Work order: For every entry that follows, return the words exactly and omit any picture.

Records from a dataset:
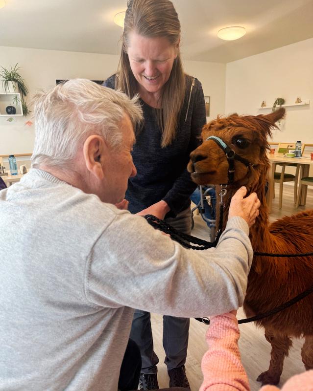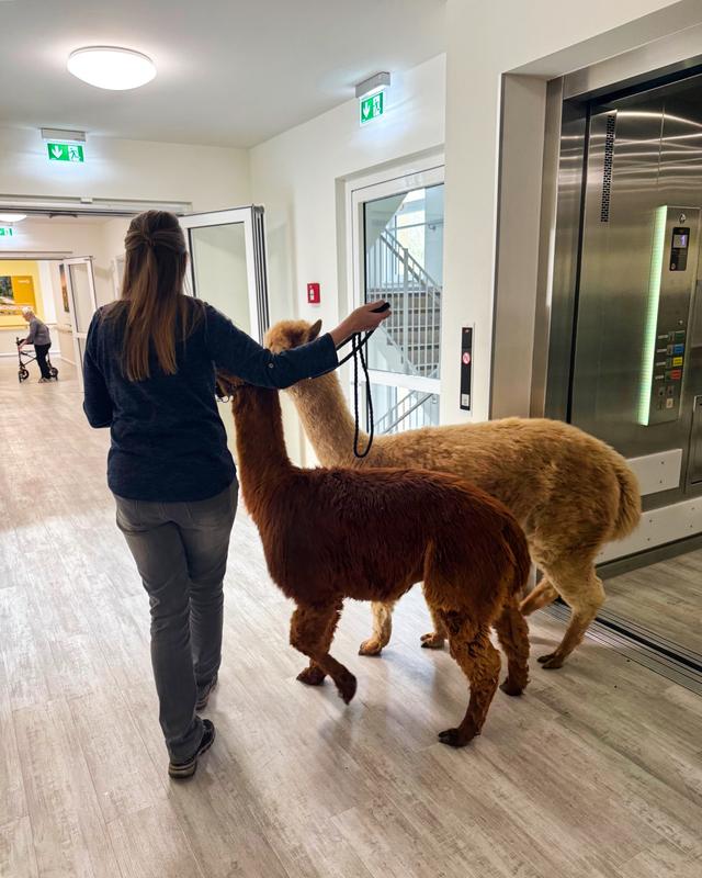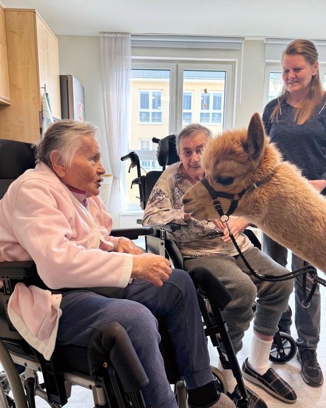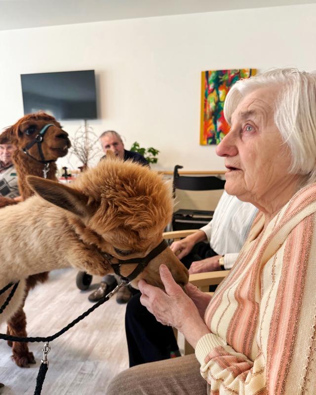 Ein besonderes Erlebnis für unsere Bewohner:innen: Der Besuch von Alpakas hat für viele strahlende Gesichter und wertvolle Momente gesorgt. Die beruhigende Ausstrahlung und das weiche Fell der Tiere bieten eine ganz besondere Erfahrung, die nicht nur Freude bereitet, sondern auch nachweislich das Wohlbefinden steigert. Besonders für sehbehinderte Senioren war es eine bereichernde Erfahrung, die sanften Tiere durch Berührung zu erleben.
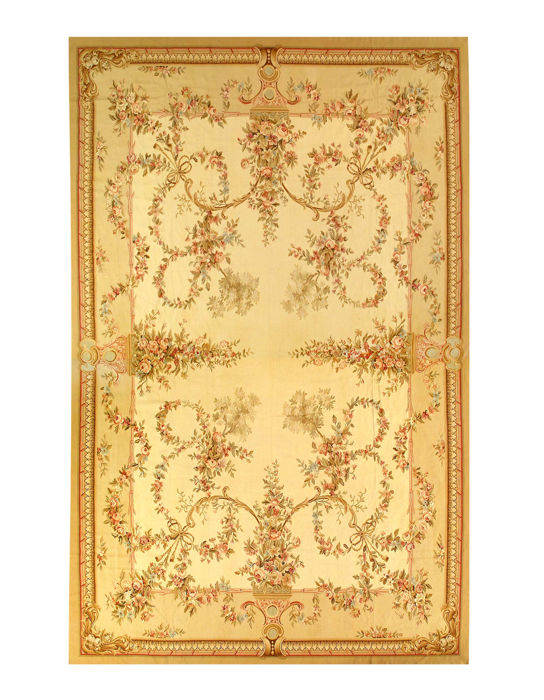 In 1600’s, in a small town called Aubusson in France, weavers had begun to create carpets and tapestries for royal palaces. In the mid 1700’s when the French crown lent support to Aubusson artisans, the industry flourished. The king commissioned the most famous architects and designers to create works of art which would be interpreted in woven form. As each new monarch came to power, new designs reflected the styles and pastimes of the era. Named after the town of their birth, these hand-woven flat weave carpets became known as Aubusson. Nowadays Aubussons are reproduced in China, done exactly as they were centuries ago in France.
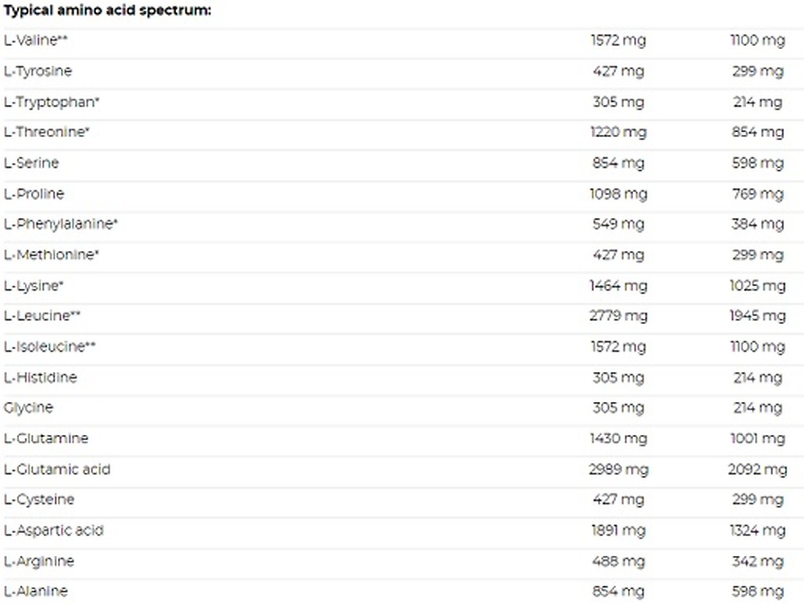 - 4,2 mg BCAA zur Erhaltung
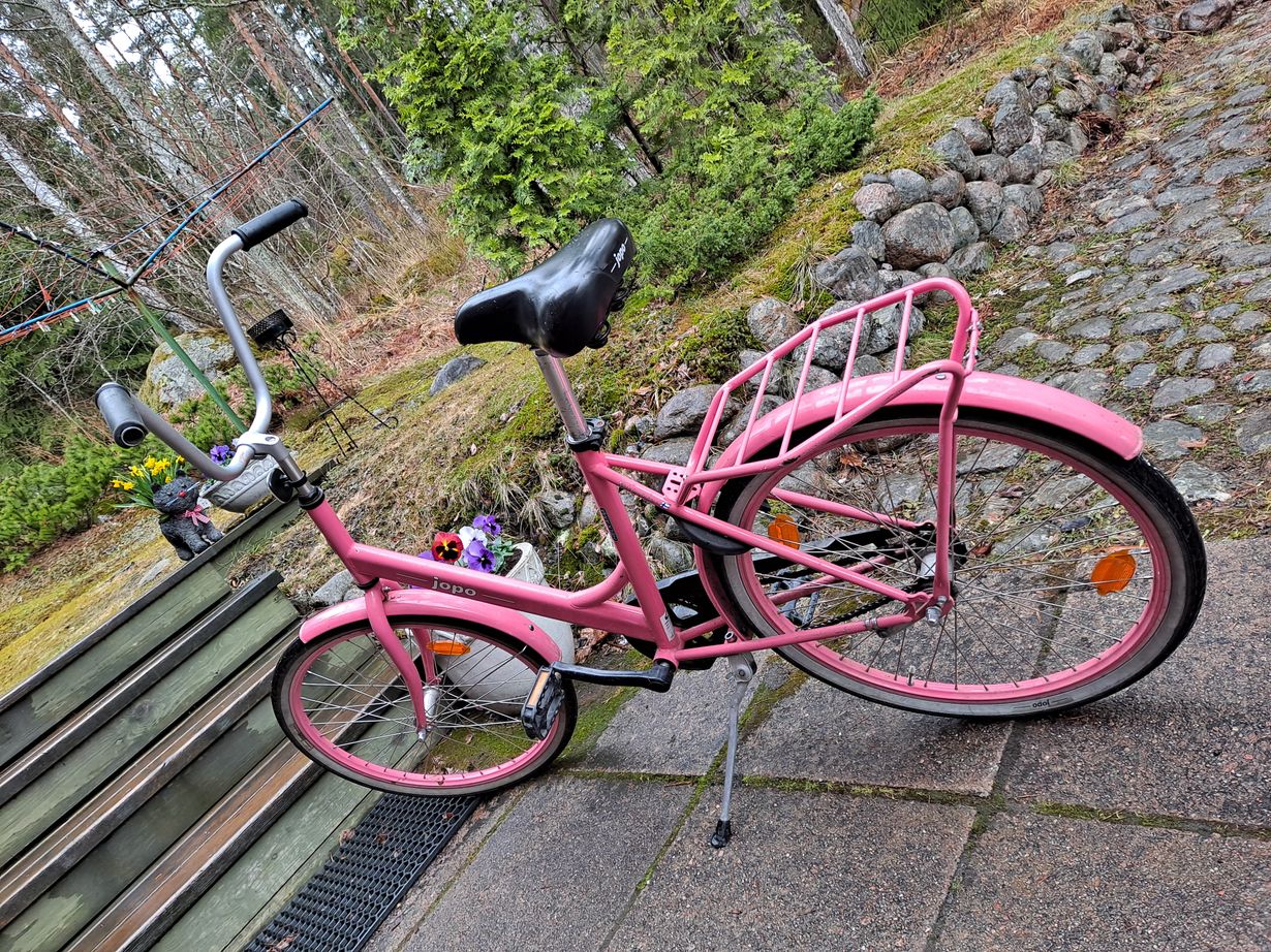 Anoppi osti tyttärelleni 10 vuotta sitten pinkin jopon. Kerran se varastettiin kaupan pihalta. Kaverin vinkistä pyörä löytyi erään kerrostalon pihalta ja kävimme hakemassa sen takaisin kotiin. Luotettava kulkupeli.
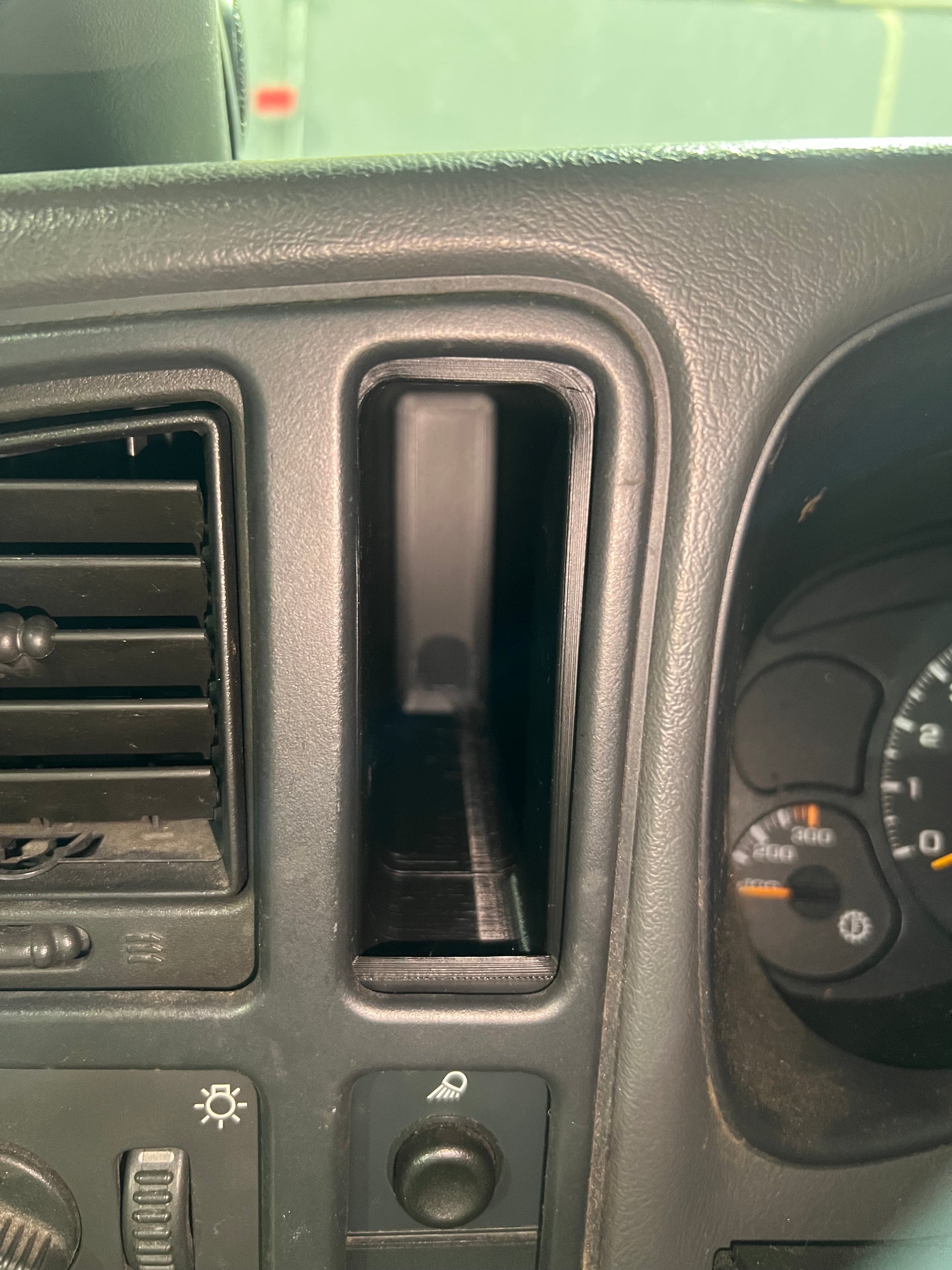 This Slim extended dash pocket replaces the shallow factory pocket found in early to mid-2000s Chevy and GMC work trucks, turning wasted space into usable, functional storage. It extends deeper into the dash while maintaining a narrow, low-profile design that looks clean.

Response below:
 Ein besonderes Erlebnis für unsere Bewohner:innen: Der Besuch von Alpakas hat für viele strahlende Gesichter und wertvolle Momente gesorgt. Die beruhigende Ausstrahlung und das weiche Fell der Tiere bieten eine ganz besondere Erfahrung, die nicht nur Freude bereitet, sondern auch nachweislich das Wohlbefinden steigert. Besonders für sehbehinderte Senioren war es eine bereichernde Erfahrung, die sanften Tiere durch Berührung zu erleben.
 In 1600’s, in a small town called Aubusson in France, weavers had begun to create carpets and tapestries for royal palaces. In the mid 1700’s when the French crown lent support to Aubusson artisans, the industry flourished. The king commissioned the most famous architects and designers to create works of art which would be interpreted in woven form. As each new monarch came to power, new designs reflected the styles and pastimes of the era. Named after the town of their birth, these hand-woven flat weave carpets became known as Aubusson. Nowadays Aubussons are reproduced in China, done exactly as they were centuries ago in France.
 - 4,2 mg BCAA zur Erhaltung
 Anoppi osti tyttärelleni 10 vuotta sitten pinkin jopon. Kerran se varastettiin kaupan pihalta. Kaverin vinkistä pyörä löytyi erään kerrostalon pihalta ja kävimme hakemassa sen takaisin kotiin. Luotettava kulkupeli.
 This Slim extended dash pocket replaces the shallow factory pocket found in early to mid-2000s Chevy and GMC work trucks, turning wasted space into usable, functional storage. It extends deeper into the dash while maintaining a narrow, low-profile design that looks clean.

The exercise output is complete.